The Philippine government allows citizens of 145 countries to enter the country visa-free for visits of 21 days or less, and citizens of a few other countries for visits of 7 days or less; 59 days or less. The list of these countries can be found in the Philippine government portal,
http://www.gov.ph/faqs/visa.asp . For visits longer than 3 weeks, a Philippine visa will be required though.
A few countries allow Filipinos to enter their country visa-free too for short visits. Among these are Singapore, Thailand, Malaysia, Indonesia, Vietnam, Laos, Cambodia, Brunei, East Timor (as fellow members of ASEAN); Hong Kong, Macau, Seychelles, Maldives, Nepal; Cuba, Netherlands Antilles, Bermuda, Haiti; Costa Rica, Nicaragua, Panama, Ecuador, Brazil, Peru, Colombia, Bolivia, El Salvador, Honduras, Suriname, Belize; Morocco, Israel; Palau, Fiji.
(Thanks to Robby G. for this list!)
One proposal made by some people is "reciprocity" in visa-free entry; ie, if the Philippine government gives visa-free entry for short visits to nationals of about 150 countries, then governments of those 150 countries should also give Filipinos visa-free entry into their lands. I don't believe in reciprocity. Just open entry of foreigners to the Philippines visa-free (again, for visits of 3 or 4 weeks or less), even if the governments of those foreigners will not grant the same privilege to Filipinos. I advocate full free trade, even unilateral trade liberalization, so I also advocate full mobility of people, even unilateral free entry and mobility of foreigners into the country -- except the known terrorists and organized criminals.
The geographical isolation of the Philippine archipelago from the rest of the world, even from its South East Asian neighbors, is already a big factor why the country is not attracting too many tourists. For instance, when you land in Vietnam, you can take a bus or train to China and Laos (north), bus or train to Cambodia (west), then further west to Thailand, Myanmar, etc. But when you land in Manila or other international airports (Cebu, Davao, Clark), we have no other neighboring countries accessible by land. It's the vast Pacific Ocean in the east, South China Sea in the west, and lots of small seas in between the islands and provinces. So, easier access through visa-free entry is one incentive to lure tourists, foreign businessmen and visitors, to come in. Although it doesn't help that Manila's international airport (NAIA 1 and 2) are just "provincial and domestic" airport in size and facilities compared to many other countries' international airports, like those in Thailand, Singapore, Malaysia, Vietnam, Korea, Japan, and so on.
Some African countries which don't give visa-free entry for Filipinos are ruled by dictators who just live off on taxpayers' blood and sweat, both local and foreign taxpayers. Even if the "visa fee" is only $10 or $20, for those dictators and bureaucrats, that's still money that can go to their pockets. Now if their rich nationals (say, families and relatives of those dictators, top bureaucrats and private cronies) would come into the Philippines to see Boracay, Davao, Cebu, Manila, Baguio, Bohol, Palawan, Puerto Galera, etc., let them come in visa-free, let them spend their money in Philippine beach and mountain resorts, in Philippine malls and restaurants, in Filipino boatmen and travel guides. (We can't bar and confiscate their money as "ill-gotten wealth" as it is an internal problem that has to be resolved in their own countries.)

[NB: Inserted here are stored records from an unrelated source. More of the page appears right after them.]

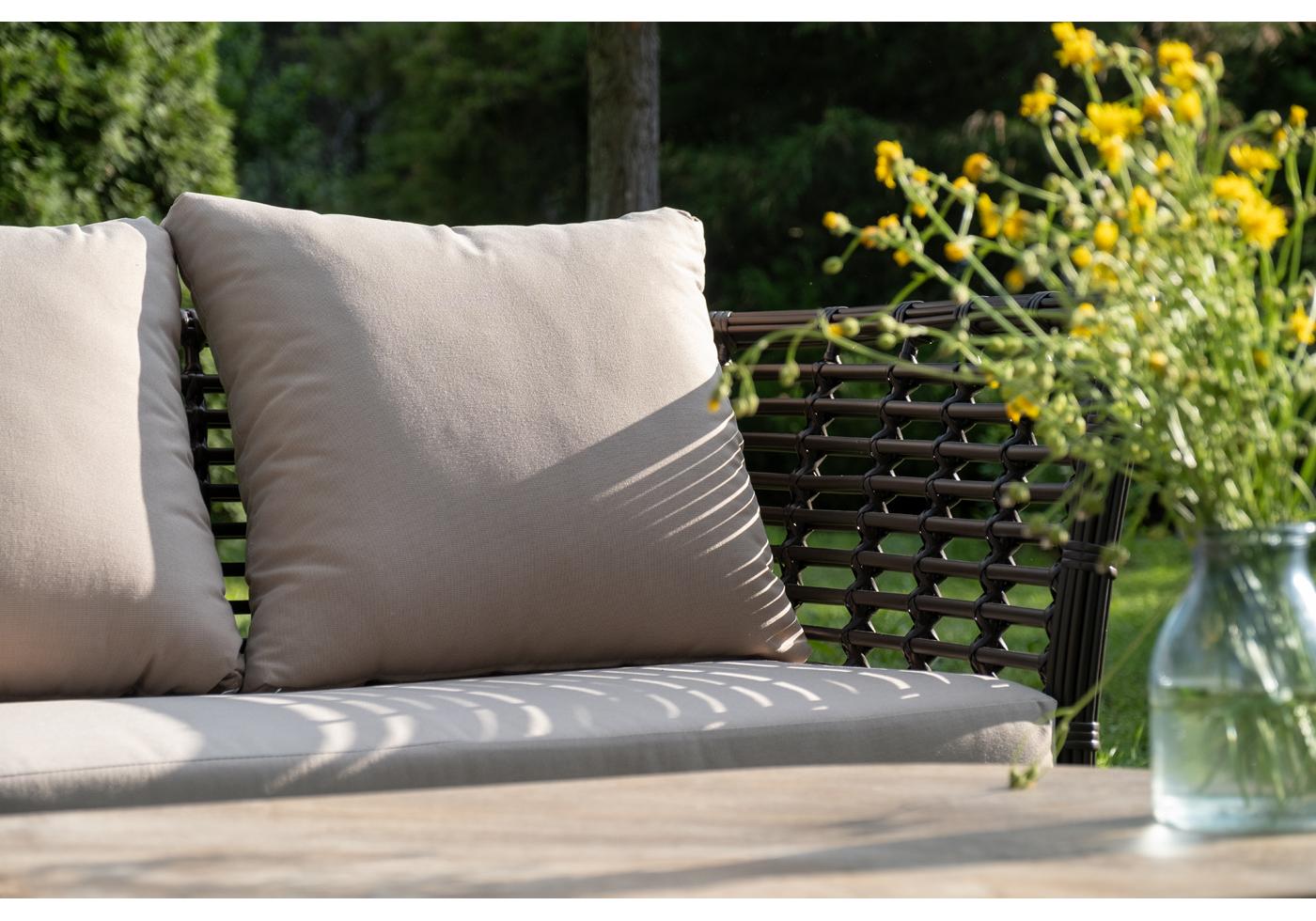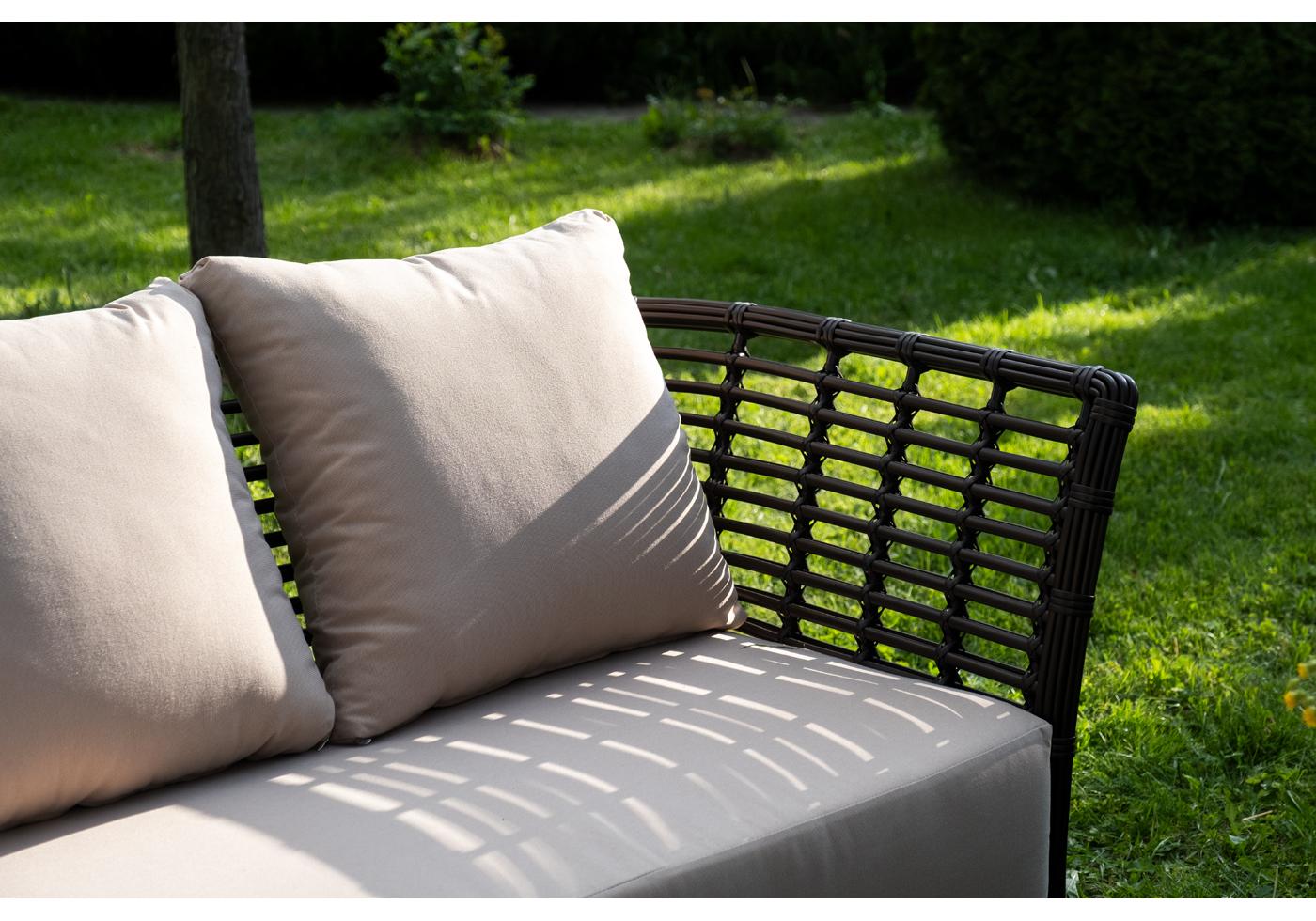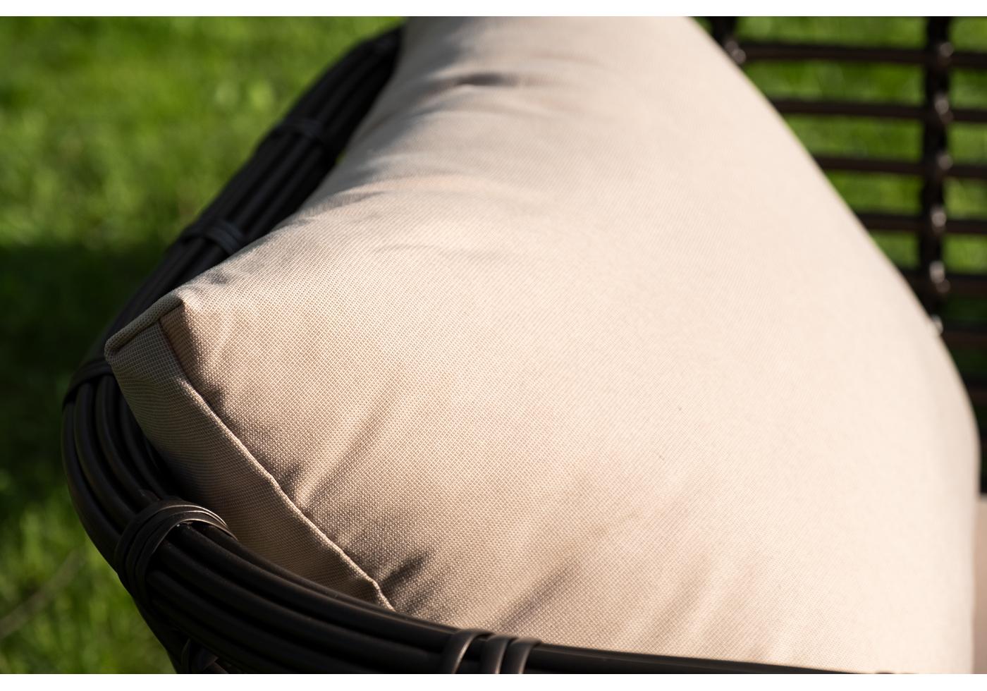 Плетеная мебель дополнена удобными подушками в бежевых чехлах. При их изготовлении используют полиэстер, плотность – 300гр/м2. Он обрабатывается влагоотталкивающей пропиткой для повышения защитных свойств материала.
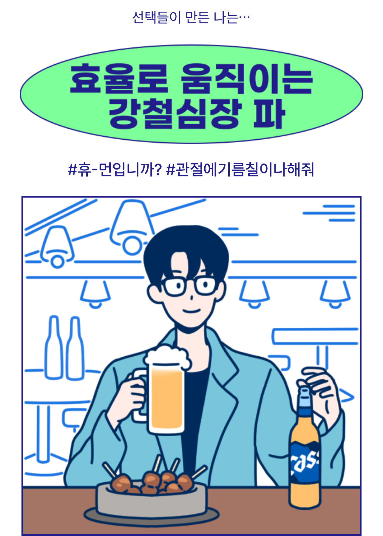 • B와 D 사이의 C.. 선택들이 만든 너는, '효율로 움직이는 강철심정 파'야
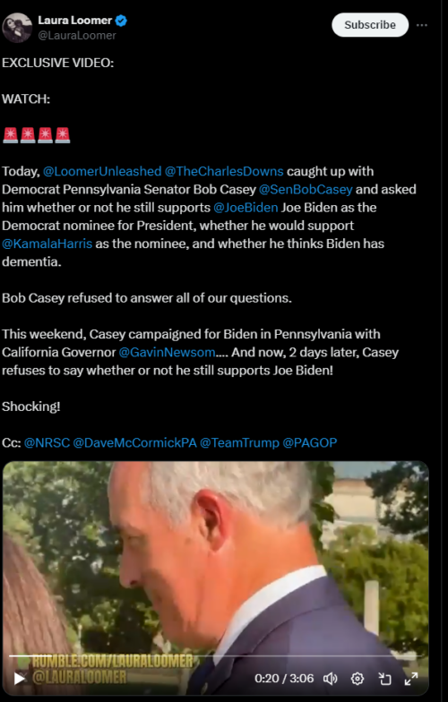 Laura Loomer - Jul 9th 2024 7:36am EDT Pennsylvania United States Senator Bob Casey, who faces reelection in November, refused to answer Monday if he still supports Joe Biden to be the Democrat’s Presidential Nominee. Senator Casey, like Biden, has deep Scranton roots. It’s very telling that Casey refused to back Biden. This is as Casey spent the weekend campaigning in Pennsylvania with […]

The wealthy countries of W. and N. Europe, N. America, N. Asia (Japan and Korea) are too protective of their welfare system; that system is too expensive, financed by high and multiple taxes of their citizens, and continuously accummulating public debts (e.g., France's unfunded social security system is around 200% of GDP!) that they can't extend such welfare to many citizens of other countries. Hence, the strict "visa-required" rule, even for few-days visits.
The Department of Foreign Affairs (DFA) though, does not give visa-free entry yet to citizens of Russia, Kazakhstan, Croation, other central Asian and eastern European countries. I don't understand why, but it will be an important diplomatic and economic move to lift such travel restriction and allow the nationals of those countries to come in visa-free.
People by nature want to be free to move around in many places, islands and continents. Before, it was the harshness of nature and environment (very hot desert, very cold and prolonged snow, presence of many savage animals that can attack people, tribes that are averse to entry of foreigners) that prevented many people to move around. Later on, governments of many countries began expanding, and so the bureaucracy and restrictions to travel also expanded. With modern technology and increasing competition among international airlines, international hotels, international telecomms companies, communication and mobility among friends, families and clans, business and cultural partners, become easier. It is only rightful that full mobility be respected and given back to people -- except to those who inculcate hatred and violence.